The filling of Mill Pond was not completed until 1828 but the English mapmaker and surveyor John Grover Hales already includes the street pattern of Bulfinch's triangular project for the site in his 1814 map of Boston. That is certainly Bulfinch's most distinctive contribution the urban structure of Boston, but if you look carefully, the architect's fingerprints are, literally, all over the map.
As early as 1793 Bulfinch had designed and built a crescent of row houses in what is now Franklin Street. Yes, that explains the shape of Franklin Street on either side of Arch Street.

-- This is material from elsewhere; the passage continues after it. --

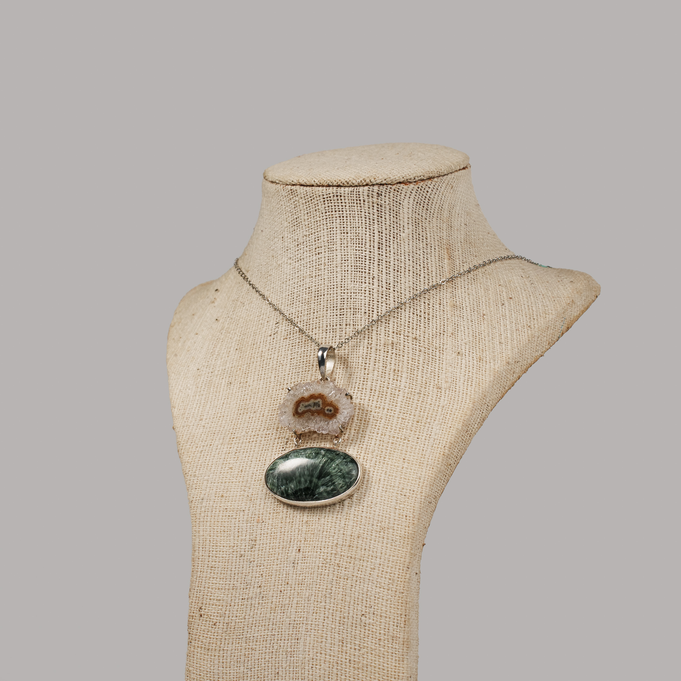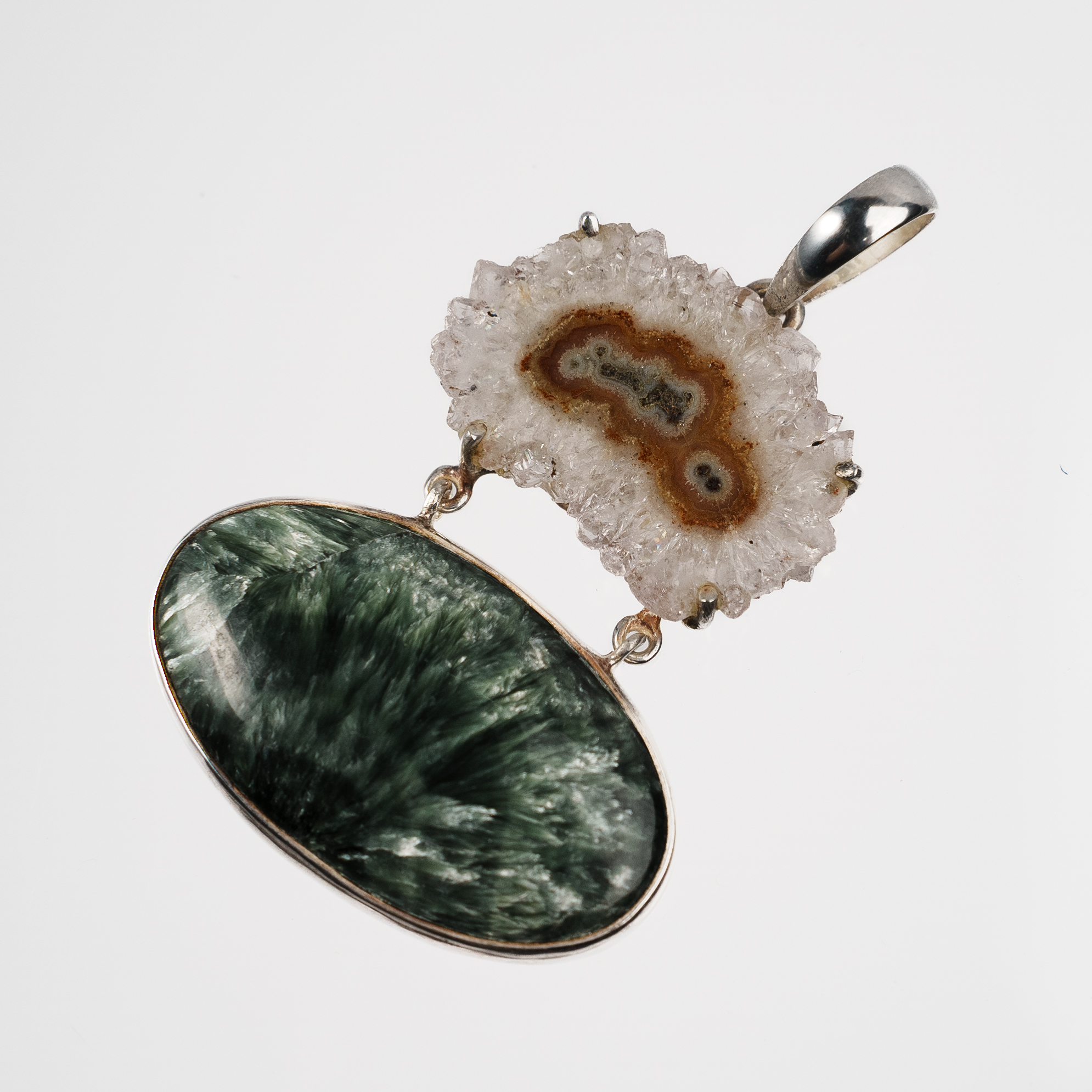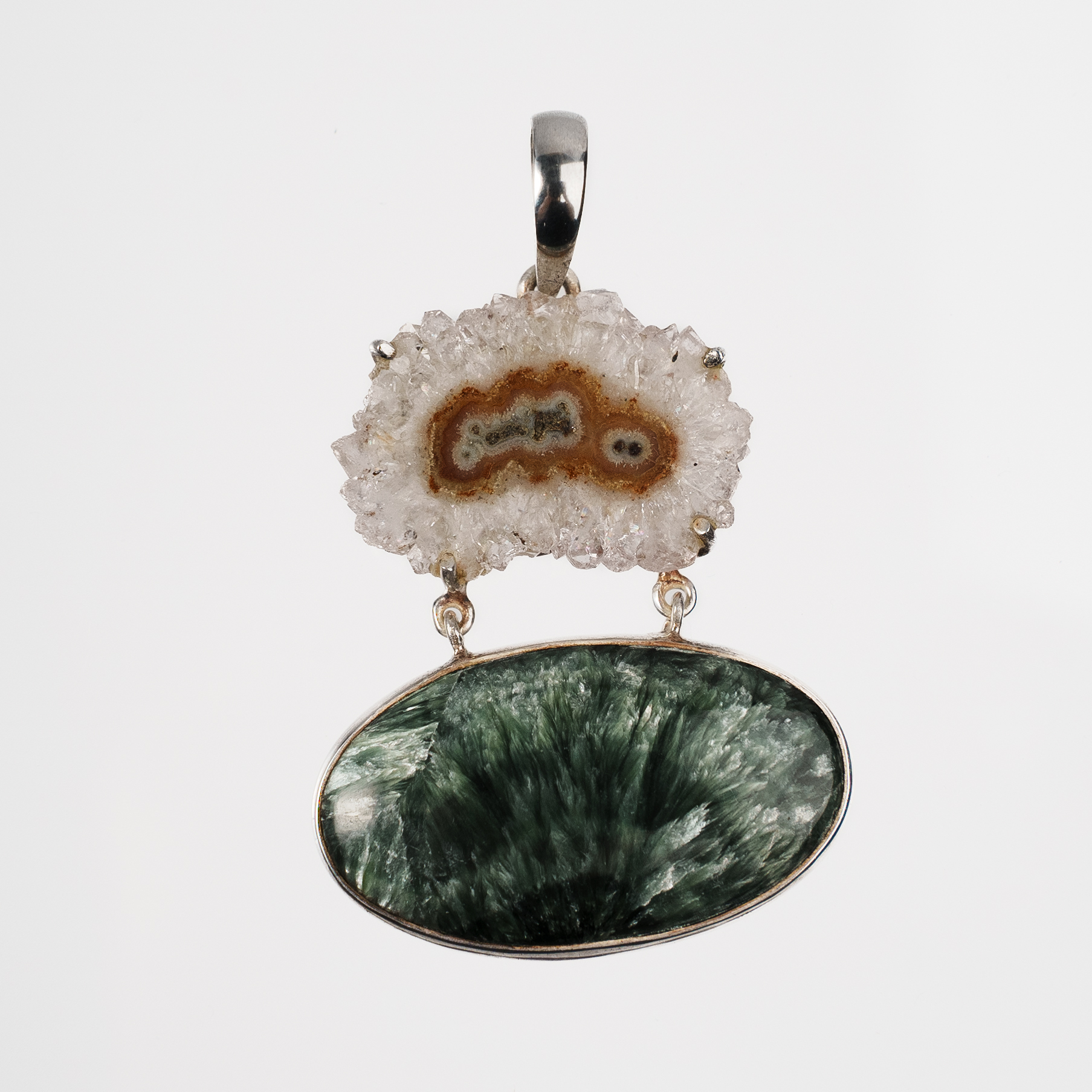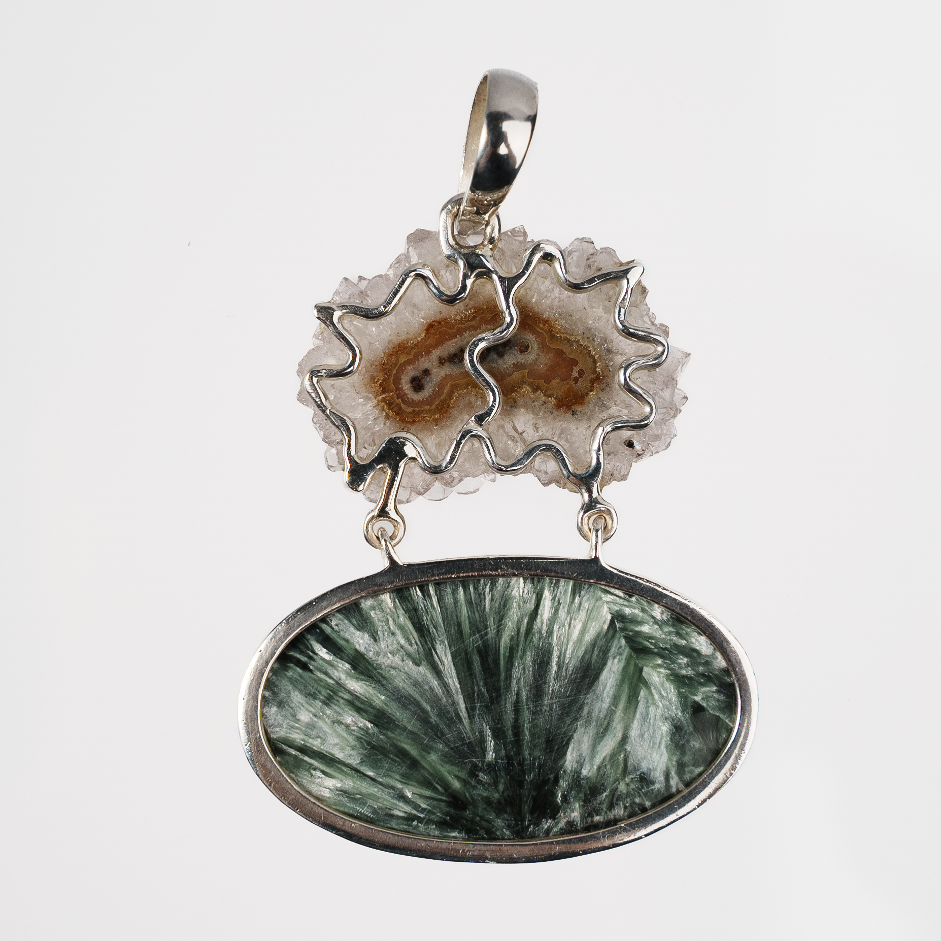 925銀晶簇切片(綠龍晶)鑲框墜飾

In fact, Arch Street takes its name from the central passageway in Bulfinch's design.
After graduating from Harvard, Bulfinch had spent two years in Europe and under Jefferson's guidance had managed to absorb the best of Neoclassical architecture and urbanism the old world had to offer. You can imagine how much our young architect--he's 25 when he comes back to America,--like any young architect, is itching to try his hand at what he has learned. In 1793 he gets the commission for a theater on Federal Street and at the same time gets his family acquire land just to the west, in order to build a crescent. Look in Hale's map, just two blocks to the right of the Common, and you'll see Bulfinch's project. Unfortunately he goes bankrupt midway and only completes the southern crescent, but it's not difficult to imagine the project he had in mind: an elongated oval space flanked by three-story row houses with the portico of the theater at one of its ends.